Конев Вадим Станиславович поднялся с места и заходил по кабинету, который, конечно же, не отвечал его запросам – был длинным и узким и при этом имел всего одно окно. И выходило то на стену соседнего здания – серого, бетонного.
– Мысль могла возникнуть в ее голове не сразу, – рассуждал он в процессе движения, – а лишь после того, как по соседству убили Кулакова-младшего и дом подожгли. Святова могла подумать: а почему нет? Полиция решит, что в селе действует какой-то маньяк-поджигатель. На нее никто и никогда не подумает. Тем более что отношения у нее с сестрой были замечательные. На первый взгляд…
Дима Новиков удивленно вскинул белесые брови.

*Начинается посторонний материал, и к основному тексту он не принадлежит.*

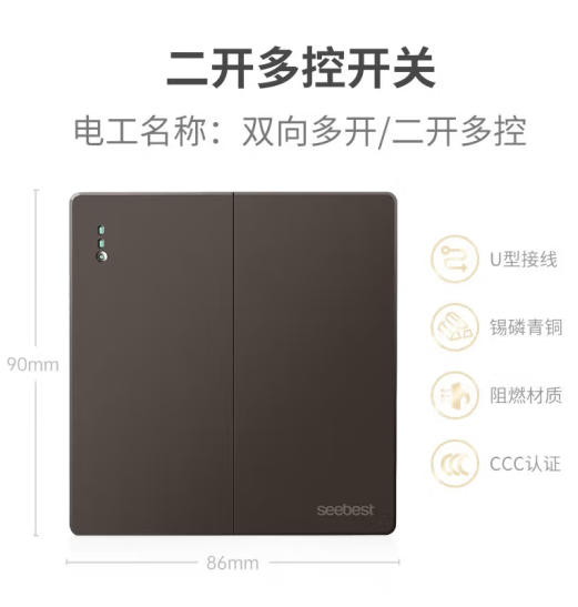 视贝(SEEBEST)二开多控 开关面板86型家用暗装墙壁开关空调插时尚质感 (zhyghf_221723897)SKU:yzwhyp908036
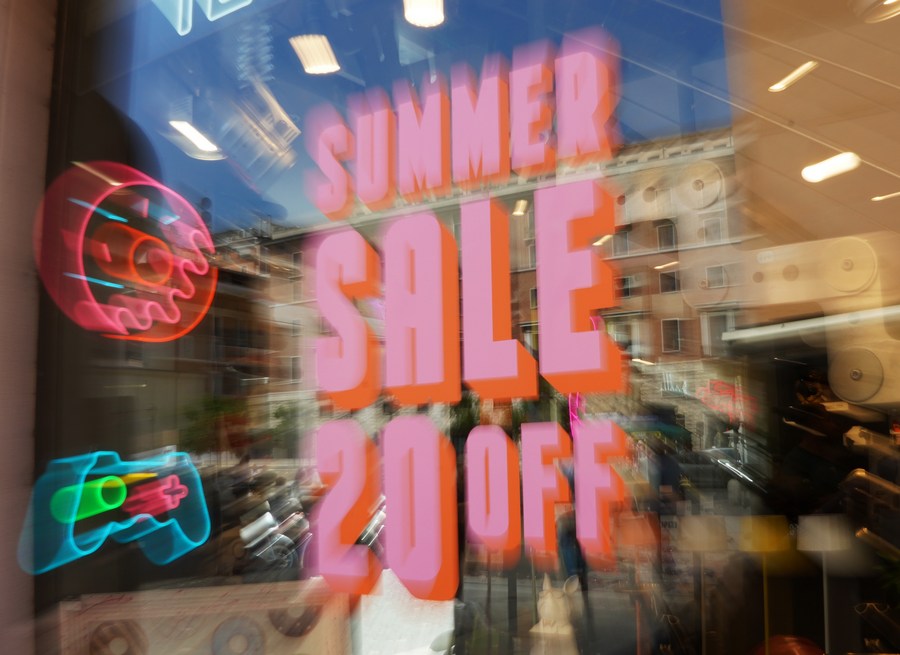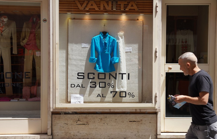 A discount sign is seen on the window of a store in Rome, Italy, on July 6, 2023. (Xinhua/Jin Mamengni)

– А ты не знал, что Ишутина ненавидела Мелихова? И всячески исподтишка старалась вредить отношениям Софии и ее избранника? О, капитан, рано я порадовался твоей сноровке. – Конев удовлетворенно кивнул, заметив стыдливый румянец на щеках капитана. – Ишутина, оказывается, заплатила капитану Уткину – сотруднику районного отдела, который выезжал на убийство в доме Кулаковых.
– За что? – вырвалось у Димы.
– За то, чтобы тот сообщил Софии о щекотливых подробностях с рыбалки, куда они буквально заманили Мелихова. И да, забыл тебе сообщить… Мелихов не приглашал Якушеву. Ее пригласил Уткин. По просьбе Ишутиной. И за это тоже она ему заплатила.

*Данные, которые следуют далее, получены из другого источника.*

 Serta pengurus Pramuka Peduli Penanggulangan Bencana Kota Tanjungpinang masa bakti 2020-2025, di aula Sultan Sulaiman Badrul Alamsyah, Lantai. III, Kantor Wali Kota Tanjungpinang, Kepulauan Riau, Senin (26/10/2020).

– Ого! Товарищ подполковник, вот это информация! – восхищенно таращился на Конева Дима.
– И это еще не все, капитан. – Конев остановился у единственного окна в кабинете, провел пальцем по подоконнику. Пыли не было. – София Святова после гибели родителей в автокатастрофе какое-то время наблюдалась у психиатра. Не у психолога, замечу. А у психиатра. И, опережая твой вопрос, скажу: никто не установил при приеме ее на работу в полицию, что она имела проблемы с психикой. Сказать почему?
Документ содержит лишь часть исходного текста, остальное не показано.